> _Data to process_
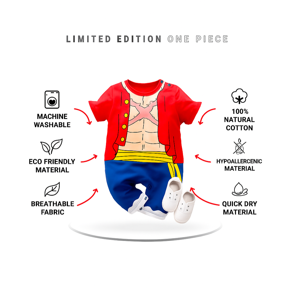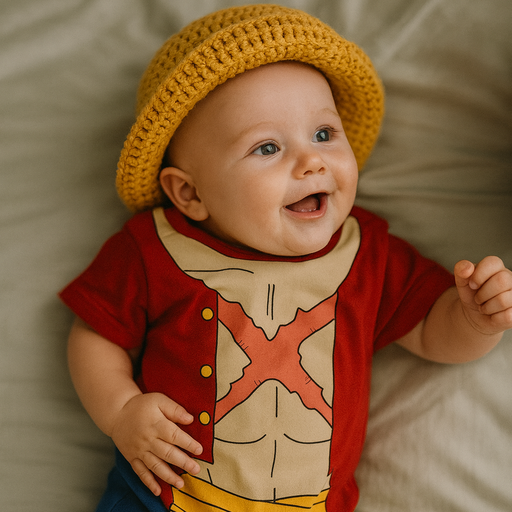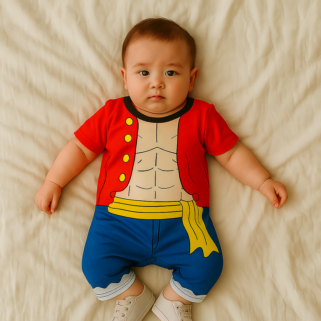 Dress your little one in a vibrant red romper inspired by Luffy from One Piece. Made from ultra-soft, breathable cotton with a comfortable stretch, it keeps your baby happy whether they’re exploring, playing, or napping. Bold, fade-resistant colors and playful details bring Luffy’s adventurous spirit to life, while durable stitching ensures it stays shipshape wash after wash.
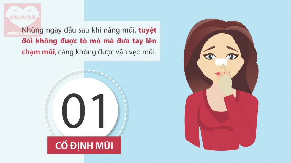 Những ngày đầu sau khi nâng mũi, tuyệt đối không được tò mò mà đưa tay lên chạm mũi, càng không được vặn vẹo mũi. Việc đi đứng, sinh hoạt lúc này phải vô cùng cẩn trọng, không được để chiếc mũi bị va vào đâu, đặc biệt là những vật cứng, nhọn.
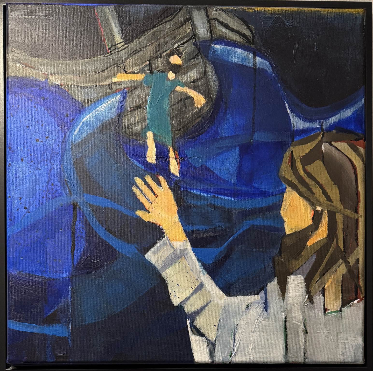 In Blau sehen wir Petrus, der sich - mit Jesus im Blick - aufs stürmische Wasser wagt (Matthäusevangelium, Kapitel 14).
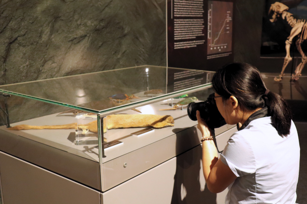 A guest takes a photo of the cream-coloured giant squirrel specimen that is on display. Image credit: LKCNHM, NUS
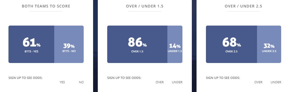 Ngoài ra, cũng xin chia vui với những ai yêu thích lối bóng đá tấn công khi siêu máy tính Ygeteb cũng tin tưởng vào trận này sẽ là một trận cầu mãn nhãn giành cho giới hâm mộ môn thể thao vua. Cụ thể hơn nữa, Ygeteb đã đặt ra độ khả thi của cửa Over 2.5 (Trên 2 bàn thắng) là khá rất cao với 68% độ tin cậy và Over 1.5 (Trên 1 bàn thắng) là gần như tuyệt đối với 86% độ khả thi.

* * *

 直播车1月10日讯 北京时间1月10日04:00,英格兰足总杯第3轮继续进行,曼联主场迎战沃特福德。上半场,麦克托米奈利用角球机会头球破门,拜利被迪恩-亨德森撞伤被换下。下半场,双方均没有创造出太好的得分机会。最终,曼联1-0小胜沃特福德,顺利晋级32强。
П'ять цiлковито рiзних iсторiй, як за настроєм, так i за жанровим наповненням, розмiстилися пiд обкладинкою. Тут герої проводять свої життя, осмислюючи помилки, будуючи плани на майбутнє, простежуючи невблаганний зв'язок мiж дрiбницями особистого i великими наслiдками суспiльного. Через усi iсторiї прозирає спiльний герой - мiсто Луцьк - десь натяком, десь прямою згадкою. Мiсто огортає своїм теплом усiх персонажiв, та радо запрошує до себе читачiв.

> _Problem description_
Would you write out exactly the lines above, starting at the line containing "Những ngày đầu" and stopping after the line containing "A guest takes"? Omit the pictures.

> _The completed task_
 Những ngày đầu sau khi nâng mũi, tuyệt đối không được tò mò mà đưa tay lên chạm mũi, càng không được vặn vẹo mũi. Việc đi đứng, sinh hoạt lúc này phải vô cùng cẩn trọng, không được để chiếc mũi bị va vào đâu, đặc biệt là những vật cứng, nhọn.
 In Blau sehen wir Petrus, der sich - mit Jesus im Blick - aufs stürmische Wasser wagt (Matthäusevangelium, Kapitel 14).
 A guest takes a photo of the cream-coloured giant squirrel specimen that is on display. Image credit: LKCNHM, NUS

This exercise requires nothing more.